525 views Asked by At

This chunk of code is part of a larger project. I tell you this because it is relevant. I'm working on a small (codewise) database to keep track of all my photos. I'm designing it so that I can later extend the program to store the citations in all my papers.

For better or for worse, I've settled on a simple flat file system with fixed width fields. That may not be the most efficient use of memory, and the files sizes get fluffed up, but it has some super advantages: No delimiters so the files easily remain human readable with nice formatting, and easy array access using simple array indexing.

I like the last part particularly because it lays within my skills. One thing about this database is that I need to be able to make a lot of entries FAAAA…ST! The bottleneck emerges in the user input part, not memory, and not disk space, so I'm concentrating on making the input wicked fast and easy.

I've learned that getting user input in C can be a tricky thing.

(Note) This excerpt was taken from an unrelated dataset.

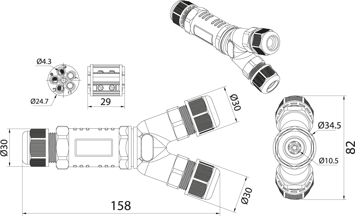 - Cable Connector SPNTY 353, 3P, 3x1.5-4.0, 250V, 24A, IP68

C's string handling library has a lot of functions that can be exploited to generate buffer overflow. So… For this code, I implemented some advice from Robert C. Seacord's Secure Coding in C and C++ Specifically the chapter, "Strings and Buffer Overflows."

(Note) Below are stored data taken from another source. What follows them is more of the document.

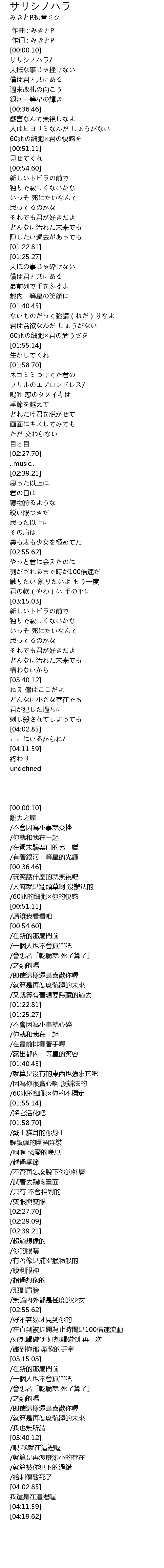 | [00:40.19] | 人はヒヨリミなんだ しょうがない |
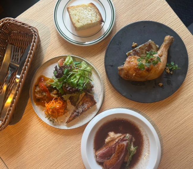 今月、堺筋本町に、〝日常をちょっとだけ素敵にするレストラン〟「meli melo」がオープン。キッシュが付いた「前菜盛り合わせ」、ジューシーな「鴨もも肉のコンフィ」、牛ほほ肉の赤ワイン煮込みとマッシュポテトで仕上げた「アッシュパルマンティエ」、豚ひき肉と鶏レバーで作った「パテ・ド・カンパーニュ」、季節のパスタやバスクチーズケーキといったスイーツなど、イタリアン・フレンチをメインとした素朴なヨーロッパ料理が楽しめます。原木をスライサーでカットした生ハムもおすすめ。料理は季節ごとに変わるため、訪れるたび新たな一皿に出会える楽しさも魅力です。
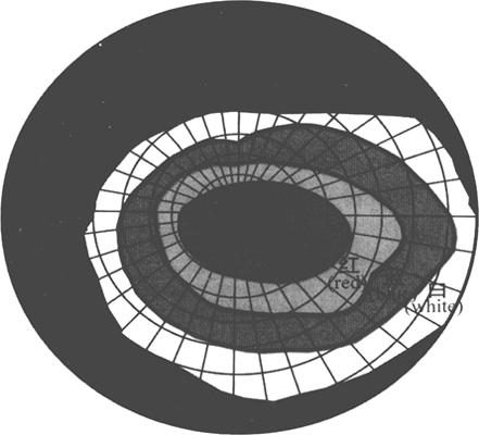 图13-15 视敏度示意图 (三)视野 单眼固定不动,正视前方一点,看到的空间范围称为单眼视野(visual field)。正常人的单眼视野鼻侧较小,颞侧较大;上部较小,下部较大。不同颜色的视野大小也不一样,白色最大,其次是黄、蓝色,再是红色,绿色最小(图13-16)。用视野仪检查患者的视野,看是否有缺损,能协助诊断视网膜、视神经和视觉传导通路的病变部位。

Here's a link: http://www.informit.com/articles/article.aspx?p=2036582&seqNum=5

Seacord suggests that using fgets() to process input lines, while possible to do securely, has performance limitations. (I like fast. Don't you?) He further suggests using getchar() instead. That's what I did.

Here's his suggestion for the use of a while loop for using getchar() securely:

while(( (ch = getchar()) != \n) && ch != EOF)

In my code below, I tweak that a touch.

There are several things I need the I/O to do. First, if the input entered is too long, I WANT it to truncate. Even though I'm maybe the only user, I might make a mistake. Second, if the input is shorter than the field width—which is mainly the case—I want to pad that field with spaces to the right.

That's the problem I'm having. More on that in a bit.

This whitespace keeps the flatfile clean looking, and, again, makes indexing extremely easy. I need to just hit the "Enter" key and move on to the next entry, sequentially, knowing the computer has formatted the data just the way I want it.

(This is actually a crude implementation E.F. Codd's principle that the data must be shielded from direct access. Everything must be checked, polished, parsed, etc., before it gets into storage. This prevents data corruption.)

In this code, I've cut all that last out because it's just noise, and I get pretty sick of trying to read other people's code who post their whole damn program with all sorts of extraneous stuff instead of just the part that's giving them trouble. At the same time, I like to post a complete program that can just be selected, copied, pasted, saved, and compiled. So I've done that here. I've left in the comments and my little checks which I'll uncomment to make sure everything is as it should be, then comment out again, so this is not the simplest possible code, but what's that famous Einstein quote about too simple?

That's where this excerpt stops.